Sweetcorn fritters


Preparation info

  • Makes


    • Difficulty


    • Ready in

      35 min

Appears in

Jackfruit and Blue Ginger

Jackfruit and Blue Ginger

By Sasha Gill

Published 2019

  • About

Crispy exterior and slightly chewy centre, sweet and salty: somehow, in these sweetcorn fritters (tod man khao pod), opposites co-exist. Shop-bought red curry paste is fine for these – just check the ingredients list to make sure it doesn’t contain any fish sauce or shrimp paste.


  • vegetable oil spray
  • 2 cups (325 g) cooked sweetcorn kernels, from about 2 corn cobs
  • 1 flax egg
  • 1 teaspoon light soy sauce
  • 2 tablespoons red curry paste
  • ¼ cup (60 ml) soy milk
  • ¾ cup (125 g) rice flour
  • ¼ teaspoon baking powder
  • ½ cup loosely packed (15 g) Thai (or regular) basil leaves, chopped
  • 2 spring onions (scallions), chopped
  • pinch of black pepper
  • coriander (cilantro) leaves and lime wedges, to serve


    Preheat the oven to 200°C. Line a baking tray with a silicone mat or baking paper, then spray well with oil.

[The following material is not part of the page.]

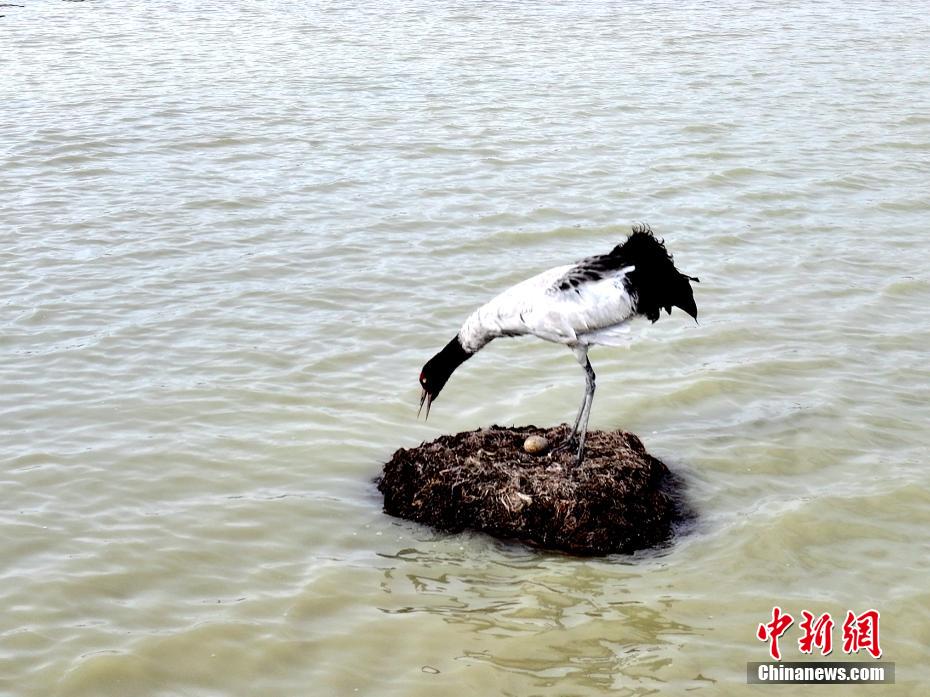 图为黑颈鹤顺利产下一枚鸟蛋。才新木加 摄

    In a food processor, blend half of the sweetcorn kernels with the flax egg, soy sauce, curry paste, soy milk, flour and baking powder. Process until smooth, then pour into a bowl and fold in the remaining sweetcorn, basil leaves, spring onion and pepper.

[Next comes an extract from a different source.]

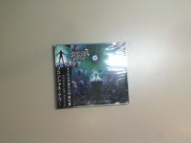 The CD titled 'Devoid of Seraphim' features a striking cover art that captures the attention with its vibrant colors and ethereal imagery. In the foreground, a silhouetted figure stands before a mysterious vortex, surrounded by an array of celestial objects that hint at a cosmic theme. The backdrop includes swirling colors and structures that evoke a sense of depth and intrigue. This art contributes significantly to the album's appeal, suggesting a journey through otherworldly realms and a profound auditory experience.

    Drop dollops of the batter onto the prepared tray, flattening them out slightly, like cookies. Spray a thin coat of oil on top of the fritters and bake for 10 minutes. Remove from the oven, flip the fritters over, spray with oil and bake for another 10 minutes.

    When they’re done, the fritters should be golden brown and fragrant. Scatter with coriander leaves and serve hot, with lime wedges and a small bowl of Thai sweet chilli sauce.